# some anti algae advice needed



## vlada (Jun 21, 2004)

Hi,

fourteen days ago I have accepted the fact that my aquarium (something over 400 litres) is horrible (due to algae problems - there was a lot of hair alagae and the green algae you can see on the picture) - so I have started to read this forum to receive some advice (and was great source of information) and started to fix the issues. I wish I was more lazy that time ....


I have purchased pressurized bottle of CO2,
added two 58W fluorescent tubes, so there is now 4 x 58W cool white tubes.

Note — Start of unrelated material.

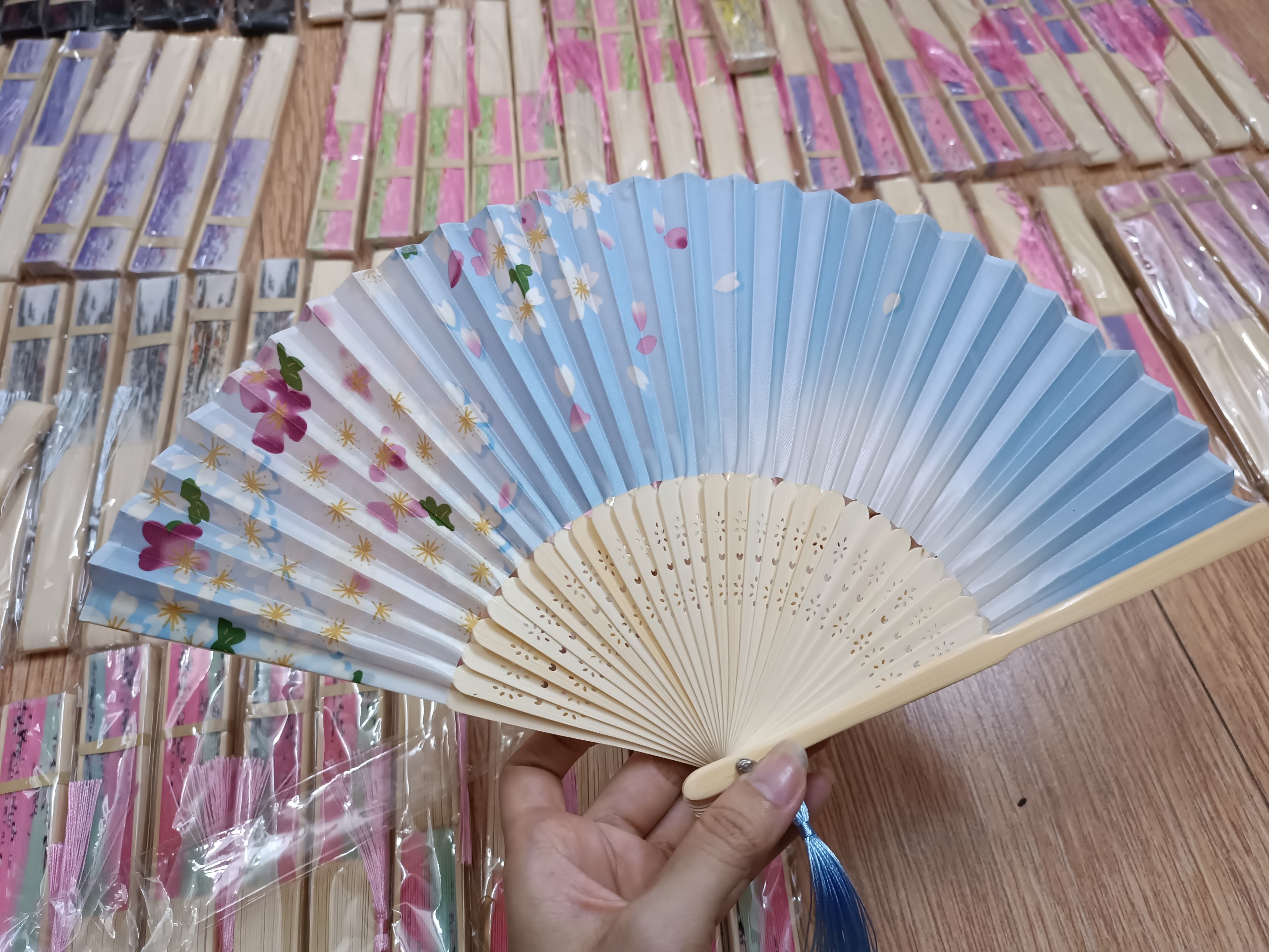 Mô tả: quạt vải Nhật Bản với nhiều mẫu mã đa dạng về màu sắc

Last week I I have bought more plants (so there is no place to put any more)

Next day (after the plants were added) fish started to swim like crazy - the movement was not coordinated - some have been trying to swim through the gravell etc. I have put them in a small tank into fresh water however it was too late for most of them. 13 died (It was xiphophorus helleri- I think that the english world for them is 'catfish'). Hopefully I don't see that as a major problem - they were ****ting everywhere... 

I have meassured NO3 concentration and it was 25mg/liter (and that is true till now). Does anyone have an idea why this happened ? Is it because of No2/NH4 poisonining ? Is it possible that I have brought the poision together with the plants ? (These were purchased directly from a farm for aquarium plants)
This never happened to me before - I have been changing 20% of the water every week and there was reasonable ammount of plants I believe.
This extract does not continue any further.